The Felds presented testimony from Ed Servais, the head baseball coach at Creighton University in Nebraska.

“He testified he had never seen a right-handed batter hit a ball left of third base and lose control of a bat by releasing it in the direction of first base,” according to court records.

Servais testified that the only way a right-handed batter could hit a first baseman with a bat in such a manner was if the batter “followed through and rotated around after striking the foul ball and deliberately threw the bat or let go of the bat in such a way that it was flung with considerable force through the air towards the first base position,” court records show.

Court records show Servais tried to unsuccessfully to duplicate the incident “which led him to the conclusion that Borkowski must have deliberately released the bat in a very abnormal, contorted act of recklessness.”

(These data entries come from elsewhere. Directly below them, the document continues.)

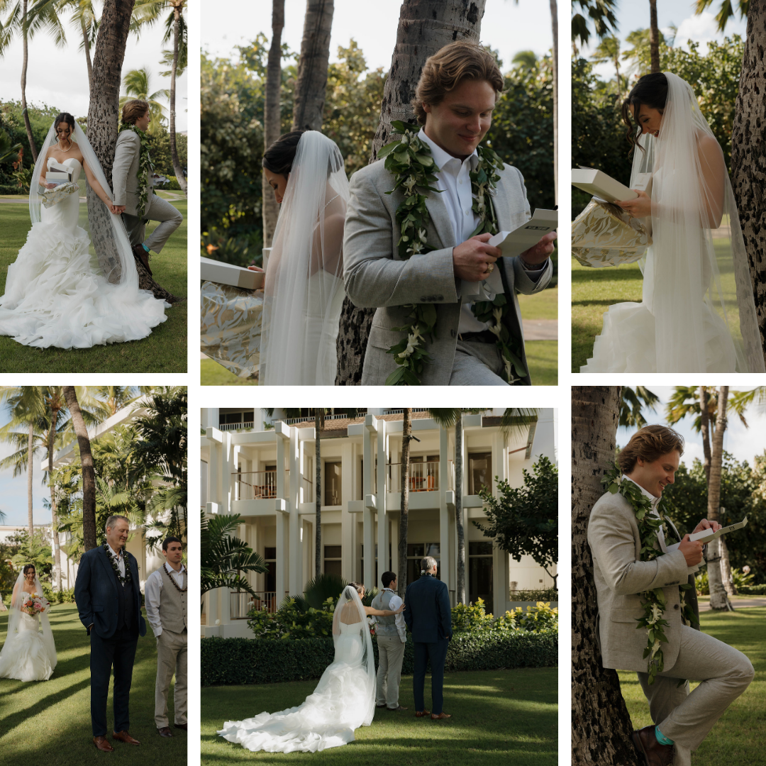 A first look with letters is the kind of soft, emotional moment that feels private even with palm trees watching. Bonus points for the veil drama and the “I’m not crying, you’re crying” energy.
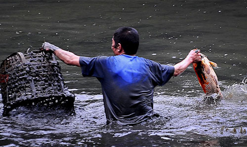 據(jù)華農(nóng)某施工隊的鄭師傅說,學(xué)校為了迎接校慶,計劃縮小池塘面積,并重新規(guī)劃周邊區(qū)域。約一周前就開始不分晝夜抽水,至昨日滿塘水被抽到塘底。昨日中午就開始有人下水捉魚,大頭魚、鯉魚、鯰魚……品種很多,每條最少五六斤,幾個小時內(nèi)已撈起近千斤魚。昨日下午3時許,曾有校衛(wèi)過來驅(qū)趕捕魚者。但校衛(wèi)一走,眾人又一窩蜂下水,之后再無人來干涉。
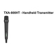 Handmikrofon med inbyggd multisändare, med UHF PLL-teknik. Matchar de portabla förstärkare systemen i TXA-1000 och TXA-800-serien. Kan ställas in på 16 olika frekvenser (mellan 863.1-864.9MHz).Dynamisk mikrofonpatron, kardioidisk karakteristik.
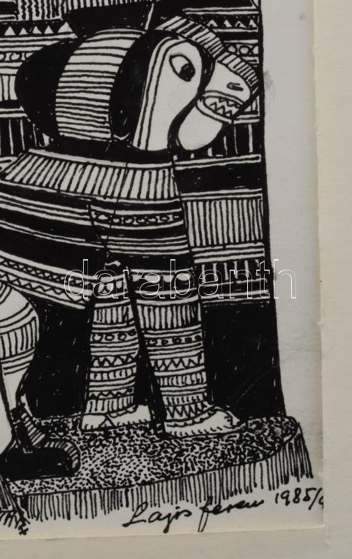 Lajos Ferenc (1912-1998): Társaság állattal, 1985. Tus, papír, jelezve...
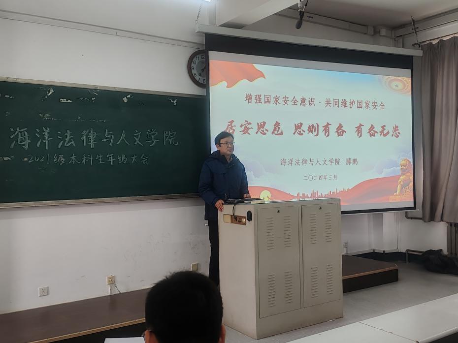 3月29日,太阳成集团tyc33455ccww于渤海校区二教302教室,开展“赓续雷锋精神 奋斗成就梦想”2024年春季“开学第一课”之安全教育课。学院党委副书记滕鹏主讲,辅导员宋敬星、2021级全体学生参加。
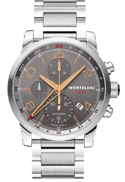 Model: 107303 - CASE = [Material:Stainless Steel], [Case Diameter:43], [Case Thickness:14.80mm], [Bezel:Fixed], [Case Back:See-thru Sapphire crystal], [Water Resistant:30 Meters/100 Feet], [Crystal:Scratch Resistant Sapphire], DIAL = [Color:Grey Chronograph with Rose Gold Finish Hands and Markers, Date Between 4 and 5], MOVEMENT = [Type:Automatic Self Winding Montblanc Calibre 4810/503], BAND = [Clasp:Triple Folding Clasp], [Type:Brushed and Polished Stainless Steel], (Usually ships in 1 to 2 weeks.)
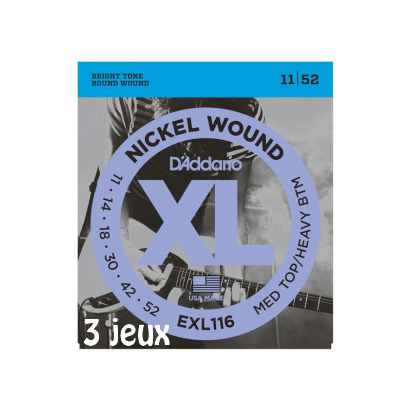 Libellé D'Addario EXL116-3D, filets en nickel, aiguës Medium/graves Heavy, 11-52, 3 jeux - Jeu guitare électrique

Borkowski maintained the bat “slipped from his sweaty hands on a hot June day,” and he didn’t intentionally throw the bat toward first base.

Other players also said it was a “freak accident,” according to court records.

Following a hearing, a district court found softball was a contact sport and liability could only be based on reckless or intentional conduct. The court concluded Borkowski’s actions were not outside the “normal course of playing softball.”

The Iowa Court of Appeals supported the district court’s decision, and the Felds’ appealed to the state Supreme Court. It said Servais’ testimony raised “a reasonable inference of recklessness” and was enough to justify sending the case to trial.

Feld’s attorney, Gregory Siemann, said he was pleased with the ruling.

“We’re happy the Feld boy will get his day in court,” he said. “Even if you call softball a contact sport, this conduct was not part of what people would normally believe the sport of softball would consist of.”

Borkowski’s attorney, Joel Greer, declined to comment, saying the case is still pending and will go to trial.